Ilham Tohti's Appeal Rejected By China, Which Conducts Journalist Gao Yu's Trial Behind Closed Doors
Chinese authorities on Friday rejected an appeal against a life sentence by Ilham Tohti, a renowned Uighur scholar jailed on separatism charges. The court also held a closed-door trial for a journalist, Gao Yu, for revealing state secrets.
The case against Tohti, who has been a critic of Beijing's policies toward the Xinjiang region's Uighur community, is partly based on recordings of his lectures where he allegedly said that the Xinjiang region "firstly belonged to the Uighur ethnic group” and then to the Chinese Han community. Gao, a prominent journalist, is accused of providing state secrets to foreign contacts and faces a maximum sentence of life imprisonment, according to Agence France-Press (AFP). China has been widely criticized over the activists' detention, which is perceived as a sign of an increase in human rights violations in the country.
"The logic behind all of this is that their sense of crisis is getting worse and the regime is feeling more and more insecure," Zhang Lifan, an independent political commentator in Beijing, said, according to Reuters.
The 70-year-old Gao was imprisoned once before, for supporting the 1989 Tiananmen pro-democracy protests, and was arrested again in April for allegedly allowing an overseas website to publish a Communist Party document after acquiring it illegally, according to The Associated Press.

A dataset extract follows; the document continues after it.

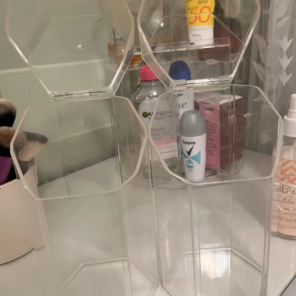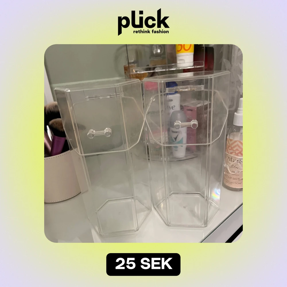 Två transparenta sminkborstar förvaring i plast, perfekta för att organisera smink eller småsaker på ditt sminkbord. De har en enkel och stilren design med en sexkantig form och är lätta att rengöra. Passar bra i badrum eller på sminkbordet för att hålla ordning och reda.

While the government did not specify the nature of the document, it may have been referring to a document that argued to curb the spread, within China, of Western values such as democracy and freedom of the press, which are viewed as a threat by the ruling Communist party, AP reported.
Tohti was accused of creating unrest in the country’s northwestern province of Xinjiang, through his ideas, while his supporters say he was only trying to mediate between the Uighur community and Chinese authorities. Violence in the Xinjiang region has killed 400 people in the last 20 months although Beijing claims that the clashes were incited by terrorists from outside China.

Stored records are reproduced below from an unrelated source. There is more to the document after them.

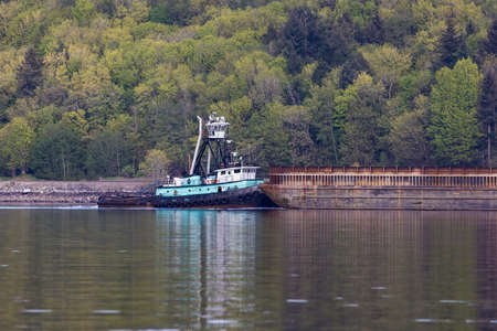 Tugboat, fishing boat (trawler) moored to a pier in a harbor. Cranes. Thick fog. Ventspils, Latvia, Baltic sea. Service, repair, freight transportation, logistics, industry, commerce
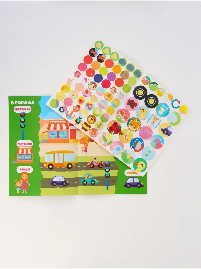 - Мягкий переплёт и плотная бумага выдерживают активное использование: листать, тыкать пальцем, перекладывать наклейки — всё это безопасно и удобно.
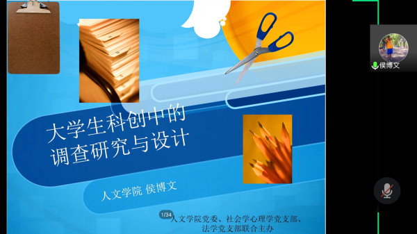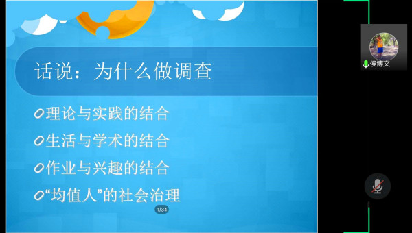 讲座伊始,侯博文老师以“为什么做调查”为引导,向师生们介绍了调查的原则、精神及调查想要解决的问题;随后,侯博文老师进一步深入指出研究问题与研究现象的区别,提出应将调查问题清晰化、指标体系结构化、抽象概念具体化等观点,并以生动的图片为例,与师生进行线上互动;接着,侯博文老师主要介绍了现代调研工具——问卷调查,向师生们细致讲解了问卷设计中的注意事项及常见错误,并简单介绍了问卷回收后的数据分析方法;而后,侯博文老师以在疫情期间发放的问卷为例,向师生们展示了设计问卷的具体方式;最后,侯博文老师向师生们分享了自己的学习经验与参与调查时的心得体会,并希望同学们在未来的学术研究和科创中应用数据分析。

"If Gao Yu and Ilham Tohti were to receive genuinely fair hearings, the charges against them would be dismissed as blatant political persecution," William Nee, China researcher at Amnesty International, said in a statement, according to AP.
Tohti will now appeal to the country’s High Court and the Supreme Court against the life sentence, his lawyer Liu Xiaoyuan, said, according to Reuters, adding that he will also seek permission to serve his sentence in Beijing, where his wife and children live.